PROVIDED INFORMATION:
- - -
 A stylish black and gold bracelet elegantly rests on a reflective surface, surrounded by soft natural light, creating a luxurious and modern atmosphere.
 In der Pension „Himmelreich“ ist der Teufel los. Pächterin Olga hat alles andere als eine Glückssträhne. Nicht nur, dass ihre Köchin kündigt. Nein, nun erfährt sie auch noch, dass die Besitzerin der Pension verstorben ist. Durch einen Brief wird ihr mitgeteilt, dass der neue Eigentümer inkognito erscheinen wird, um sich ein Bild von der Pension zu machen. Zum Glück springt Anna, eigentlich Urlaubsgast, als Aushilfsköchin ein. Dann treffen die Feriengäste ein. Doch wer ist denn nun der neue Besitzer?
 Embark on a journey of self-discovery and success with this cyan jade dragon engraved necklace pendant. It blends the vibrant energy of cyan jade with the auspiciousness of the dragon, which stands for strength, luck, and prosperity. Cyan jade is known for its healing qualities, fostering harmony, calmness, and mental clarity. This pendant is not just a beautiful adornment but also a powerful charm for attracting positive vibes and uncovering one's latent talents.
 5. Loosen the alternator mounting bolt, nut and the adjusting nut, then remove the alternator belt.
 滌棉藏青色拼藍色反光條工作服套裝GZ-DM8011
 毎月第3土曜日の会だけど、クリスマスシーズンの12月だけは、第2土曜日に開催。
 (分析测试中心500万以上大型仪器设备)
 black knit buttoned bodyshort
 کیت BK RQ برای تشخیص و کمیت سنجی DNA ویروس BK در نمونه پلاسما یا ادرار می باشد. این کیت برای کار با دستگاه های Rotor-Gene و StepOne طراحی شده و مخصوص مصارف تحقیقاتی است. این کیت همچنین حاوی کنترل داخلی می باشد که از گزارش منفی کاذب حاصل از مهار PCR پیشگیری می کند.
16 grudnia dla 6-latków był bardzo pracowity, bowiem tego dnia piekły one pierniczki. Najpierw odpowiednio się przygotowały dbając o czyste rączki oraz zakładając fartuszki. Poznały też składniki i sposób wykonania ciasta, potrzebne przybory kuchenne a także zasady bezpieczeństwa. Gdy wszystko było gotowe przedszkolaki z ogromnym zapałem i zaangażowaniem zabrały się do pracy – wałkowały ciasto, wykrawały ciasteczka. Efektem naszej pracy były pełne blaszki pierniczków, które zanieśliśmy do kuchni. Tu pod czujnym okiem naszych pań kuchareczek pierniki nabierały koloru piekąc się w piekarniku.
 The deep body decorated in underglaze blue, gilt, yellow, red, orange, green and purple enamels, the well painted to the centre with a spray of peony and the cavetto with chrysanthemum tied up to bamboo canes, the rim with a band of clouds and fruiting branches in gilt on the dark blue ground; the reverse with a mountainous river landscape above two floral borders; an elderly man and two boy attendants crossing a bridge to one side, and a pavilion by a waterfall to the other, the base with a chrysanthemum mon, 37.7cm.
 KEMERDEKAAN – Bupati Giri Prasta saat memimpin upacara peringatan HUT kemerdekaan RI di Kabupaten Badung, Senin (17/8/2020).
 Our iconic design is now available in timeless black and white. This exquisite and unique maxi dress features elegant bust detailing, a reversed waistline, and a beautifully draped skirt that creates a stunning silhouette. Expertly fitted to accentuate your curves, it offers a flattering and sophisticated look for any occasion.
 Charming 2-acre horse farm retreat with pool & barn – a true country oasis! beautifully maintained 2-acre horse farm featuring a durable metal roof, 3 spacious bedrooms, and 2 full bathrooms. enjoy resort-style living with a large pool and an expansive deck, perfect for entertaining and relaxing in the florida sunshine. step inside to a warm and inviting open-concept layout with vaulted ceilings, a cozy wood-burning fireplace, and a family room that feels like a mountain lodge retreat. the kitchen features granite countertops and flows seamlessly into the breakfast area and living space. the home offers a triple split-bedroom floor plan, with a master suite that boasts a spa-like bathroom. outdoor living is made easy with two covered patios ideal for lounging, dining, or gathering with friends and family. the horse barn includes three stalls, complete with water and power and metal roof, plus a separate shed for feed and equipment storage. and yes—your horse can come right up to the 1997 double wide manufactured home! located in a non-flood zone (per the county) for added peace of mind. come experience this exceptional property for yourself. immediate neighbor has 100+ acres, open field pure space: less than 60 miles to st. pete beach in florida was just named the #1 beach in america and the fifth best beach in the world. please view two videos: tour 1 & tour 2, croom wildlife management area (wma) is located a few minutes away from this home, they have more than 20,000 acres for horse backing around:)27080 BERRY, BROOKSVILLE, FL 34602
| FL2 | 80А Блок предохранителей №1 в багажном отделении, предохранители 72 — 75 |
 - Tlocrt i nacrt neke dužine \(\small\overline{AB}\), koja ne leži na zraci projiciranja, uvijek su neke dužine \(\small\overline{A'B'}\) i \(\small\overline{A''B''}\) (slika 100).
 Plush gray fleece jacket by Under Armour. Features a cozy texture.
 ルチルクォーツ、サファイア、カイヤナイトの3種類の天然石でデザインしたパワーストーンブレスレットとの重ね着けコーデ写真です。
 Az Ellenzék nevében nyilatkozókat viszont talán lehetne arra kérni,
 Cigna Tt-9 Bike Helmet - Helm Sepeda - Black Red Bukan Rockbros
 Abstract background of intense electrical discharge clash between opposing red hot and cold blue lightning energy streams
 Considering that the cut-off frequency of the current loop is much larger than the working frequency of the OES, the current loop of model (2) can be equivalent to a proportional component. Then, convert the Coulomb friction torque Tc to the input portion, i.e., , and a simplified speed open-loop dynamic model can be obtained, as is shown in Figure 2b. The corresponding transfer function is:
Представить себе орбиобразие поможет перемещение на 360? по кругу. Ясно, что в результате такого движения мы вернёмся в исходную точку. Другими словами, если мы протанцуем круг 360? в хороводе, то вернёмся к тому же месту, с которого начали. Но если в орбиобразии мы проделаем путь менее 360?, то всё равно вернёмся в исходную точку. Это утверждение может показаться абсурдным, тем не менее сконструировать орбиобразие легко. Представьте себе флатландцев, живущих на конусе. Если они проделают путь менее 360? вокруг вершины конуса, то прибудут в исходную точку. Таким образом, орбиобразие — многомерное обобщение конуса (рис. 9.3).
- - -
REQUIRED WORK: Make a faithful copy of every record above.

EXERCISE OUTPUT:
 A stylish black and gold bracelet elegantly rests on a reflective surface, surrounded by soft natural light, creating a luxurious and modern atmosphere.
 In der Pension „Himmelreich“ ist der Teufel los. Pächterin Olga hat alles andere als eine Glückssträhne. Nicht nur, dass ihre Köchin kündigt. Nein, nun erfährt sie auch noch, dass die Besitzerin der Pension verstorben ist. Durch einen Brief wird ihr mitgeteilt, dass der neue Eigentümer inkognito erscheinen wird, um sich ein Bild von der Pension zu machen. Zum Glück springt Anna, eigentlich Urlaubsgast, als Aushilfsköchin ein. Dann treffen die Feriengäste ein. Doch wer ist denn nun der neue Besitzer?
 Embark on a journey of self-discovery and success with this cyan jade dragon engraved necklace pendant. It blends the vibrant energy of cyan jade with the auspiciousness of the dragon, which stands for strength, luck, and prosperity. Cyan jade is known for its healing qualities, fostering harmony, calmness, and mental clarity. This pendant is not just a beautiful adornment but also a powerful charm for attracting positive vibes and uncovering one's latent talents.
 5. Loosen the alternator mounting bolt, nut and the adjusting nut, then remove the alternator belt.
 滌棉藏青色拼藍色反光條工作服套裝GZ-DM8011
 毎月第3土曜日の会だけど、クリスマスシーズンの12月だけは、第2土曜日に開催。
 (分析测试中心500万以上大型仪器设备)
 black knit buttoned bodyshort
 کیت BK RQ برای تشخیص و کمیت سنجی DNA ویروس BK در نمونه پلاسما یا ادرار می باشد. این کیت برای کار با دستگاه های Rotor-Gene و StepOne طراحی شده و مخصوص مصارف تحقیقاتی است. این کیت همچنین حاوی کنترل داخلی می باشد که از گزارش منفی کاذب حاصل از مهار PCR پیشگیری می کند.
16 grudnia dla 6-latków był bardzo pracowity, bowiem tego dnia piekły one pierniczki. Najpierw odpowiednio się przygotowały dbając o czyste rączki oraz zakładając fartuszki. Poznały też składniki i sposób wykonania ciasta, potrzebne przybory kuchenne a także zasady bezpieczeństwa. Gdy wszystko było gotowe przedszkolaki z ogromnym zapałem i zaangażowaniem zabrały się do pracy – wałkowały ciasto, wykrawały ciasteczka. Efektem naszej pracy były pełne blaszki pierniczków, które zanieśliśmy do kuchni. Tu pod czujnym okiem naszych pań kuchareczek pierniki nabierały koloru piekąc się w piekarniku.
 The deep body decorated in underglaze blue, gilt, yellow, red, orange, green and purple enamels, the well painted to the centre with a spray of peony and the cavetto with chrysanthemum tied up to bamboo canes, the rim with a band of clouds and fruiting branches in gilt on the dark blue ground; the reverse with a mountainous river landscape above two floral borders; an elderly man and two boy attendants crossing a bridge to one side, and a pavilion by a waterfall to the other, the base with a chrysanthemum mon, 37.7cm.
 KEMERDEKAAN – Bupati Giri Prasta saat memimpin upacara peringatan HUT kemerdekaan RI di Kabupaten Badung, Senin (17/8/2020).
 Our iconic design is now available in timeless black and white. This exquisite and unique maxi dress features elegant bust detailing, a reversed waistline, and a beautifully draped skirt that creates a stunning silhouette. Expertly fitted to accentuate your curves, it offers a flattering and sophisticated look for any occasion.
 Charming 2-acre horse farm retreat with pool & barn – a true country oasis! beautifully maintained 2-acre horse farm featuring a durable metal roof, 3 spacious bedrooms, and 2 full bathrooms. enjoy resort-style living with a large pool and an expansive deck, perfect for entertaining and relaxing in the florida sunshine. step inside to a warm and inviting open-concept layout with vaulted ceilings, a cozy wood-burning fireplace, and a family room that feels like a mountain lodge retreat. the kitchen features granite countertops and flows seamlessly into the breakfast area and living space. the home offers a triple split-bedroom floor plan, with a master suite that boasts a spa-like bathroom. outdoor living is made easy with two covered patios ideal for lounging, dining, or gathering with friends and family. the horse barn includes three stalls, complete with water and power and metal roof, plus a separate shed for feed and equipment storage. and yes—your horse can come right up to the 1997 double wide manufactured home! located in a non-flood zone (per the county) for added peace of mind. come experience this exceptional property for yourself. immediate neighbor has 100+ acres, open field pure space: less than 60 miles to st. pete beach in florida was just named the #1 beach in america and the fifth best beach in the world. please view two videos: tour 1 & tour 2, croom wildlife management area (wma) is located a few minutes away from this home, they have more than 20,000 acres for horse backing around:)27080 BERRY, BROOKSVILLE, FL 34602
| FL2 | 80А Блок предохранителей №1 в багажном отделении, предохранители 72 — 75 |
 - Tlocrt i nacrt neke dužine \(\small\overline{AB}\), koja ne leži na zraci projiciranja, uvijek su neke dužine \(\small\overline{A'B'}\) i \(\small\overline{A''B''}\) (slika 100).
 Plush gray fleece jacket by Under Armour. Features a cozy texture.
 ルチルクォーツ、サファイア、カイヤナイトの3種類の天然石でデザインしたパワーストーンブレスレットとの重ね着けコーデ写真です。
 Az Ellenzék nevében nyilatkozókat viszont talán lehetne arra kérni,
 Cigna Tt-9 Bike Helmet - Helm Sepeda - Black Red Bukan Rockbros
 Abstract background of intense electrical discharge clash between opposing red hot and cold blue lightning energy streams
 Considering that the cut-off frequency of the current loop is much larger than the working frequency of the OES, the current loop of model (2) can be equivalent to a proportional component. Then, convert the Coulomb friction torque Tc to the input portion, i.e., , and a simplified speed open-loop dynamic model can be obtained, as is shown in Figure 2b. The corresponding transfer function is:
Представить себе орбиобразие поможет перемещение на 360? по кругу. Ясно, что в результате такого движения мы вернёмся в исходную точку. Другими словами, если мы протанцуем круг 360? в хороводе, то вернёмся к тому же месту, с которого начали. Но если в орбиобразии мы проделаем путь менее 360?, то всё равно вернёмся в исходную точку. Это утверждение может показаться абсурдным, тем не менее сконструировать орбиобразие легко. Представьте себе флатландцев, живущих на конусе. Если они проделают путь менее 360? вокруг вершины конуса, то прибудут в исходную точку. Таким образом, орбиобразие — многомерное обобщение конуса (рис. 9.3).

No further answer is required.